Cannabis Cheating Scandal’s Lessons for Housing Crisis

New York elected officials think they can use regulation to bend the laws of economics. And sometimes they can. Rent stabilization, for example, uses price controls to keep rents artificially low on 1 million apartments.
Usually, however, the government must heap regulation upon regulation and build a robust enforcement infrastructure to defy natural market forces — and even then, there will be cheating. The marijuana industry is discovering this now.
When New York lawmakers legalized weed, they didn’t just revoke criminal statutes. They insisted that all weed sold in New York also be grown in New York.

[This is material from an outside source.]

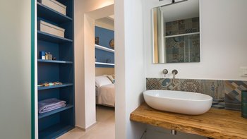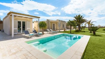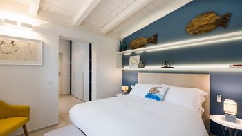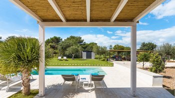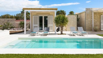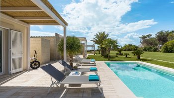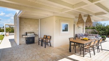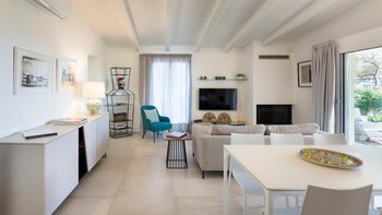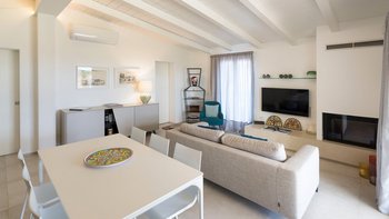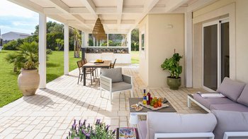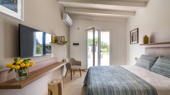 Im Inneren werden die Gäste von einem offenen Grundriss Wohn-, Ess- und Küchenbereich begrüßt. Dieser Raum ist mit hochwertigen Innenräumen ausgestattet, mit modernen Geräten ausgestattet und ist ein ruhiger Bereich, in dem sich die Gäste entspannen können, während sie hochwertige Zeit miteinander verbringen. Weiters in der Villa gibt es drei Doppelschlafzimmer; alle mit Dusche en suite und ein zusätzliches Schlafzimmer im Gartenanbau, mit eigenem Zugang zum Außenbereich. Aller dieser Zimmer sind sauber und frisch und auf höchstem Niveau eingerichtet.

But weed grown elsewhere is cheaper. California, for example, has more farmland, more sun, and a mature industry. Economies of scale makes West Coast cannabis less costly than New York’s, even with the transportation expense and the illegality of shipping it here.

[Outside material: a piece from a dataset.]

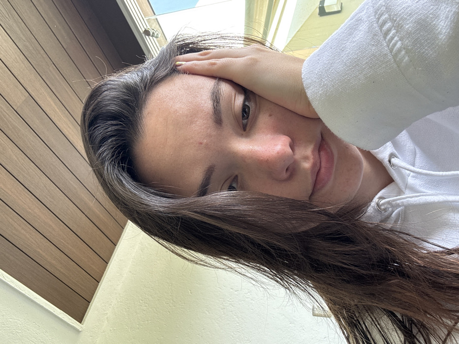 A selfie captured from below showcases a young woman with light skin, brown hair, and brown eyes. Her hand rests on her forehead, partially obscuring her face. She wears a white hooded sweatshirt. The background consists of a light beige wall, dark brown wood paneling, and a glimpse of sky through a window. The image is brightly lit, giving it a warm and inviting tone.

As a result, between 50 percent and 80 percent of weed sold by licensed retailers in New York is not grown here, contrary to the law, Crain’s reported. Market forces are strong, and cannabis enforcement is too weak to overcome the Pollyannish ideal imagined by New York legislators: an entirely in-state, seed-to-sale system.
The big takeaway is that as supply has flooded in from beyond our borders, the price of cannabis biomass has fallen by 45 percent.

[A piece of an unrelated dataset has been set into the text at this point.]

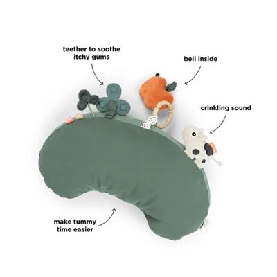 Tummy time aktivitetspuden fra Tiny Farm-kollektionen er designet til at støtte dit barn under mavetid og samtidig stimulere sanserne. Den bløde pude hjælper med at opbygge kropsstyrke, mens de forskellige teksturer, knitreeffekter og sensoriske elementer vækker nysgerrigheden.

Wouldn’t it be nice (for tenants, homebuyers and employers) if New York could reduce rents and home prices by 45 percent?
Of course, we cannot simply import dwellings (except for modular homes, but we cannot import land to put them on). We could, however, boost housing supply by reforming property taxes, zoning, rent stabilization, the “scaffold law” and other regulatory schemes.
Just to take one of a thousand examples, think about the process for replacing a small, decrepit apartment building with a larger, modern, energy-efficient one.
Because of tenant protections, it takes years and sometimes decades to empty a building. For all that time, units sit empty while the owner waits for a few remaining tenants to move, die or accept a buyout.
Perhaps that helps tenants in that one building, but it doesn’t help tenants overall to keep units empty in the teeth of a housing shortage. The bigger issue is that the process is so costly and onerous that most undersized, aging buildings remain in place year after year.
It’s a classic case of how lawmakers have made housing more expensive in an effort to make it cheaper.
At the very least, the state should let developers replace small apartment buildings with large ones if they keep the same number of rent-stabilized units, house tenants during construction and give them the right to return.
But the biggest supply boost would come from putting the interests of all tenants over those in a particular building.
Legislators should think about the housing crisis as they try to fix the marijuana cheating problem that they created.
The economic lesson is simple: Weed sellers (and some farmers) are bringing down the cost of cannabis by buying it from states that have a surplus.
Housing would be cheaper, too, not to mention nicer, safer and more energy-efficient, if we allowed developers to create a surplus. And it’s a lot better for you than weed.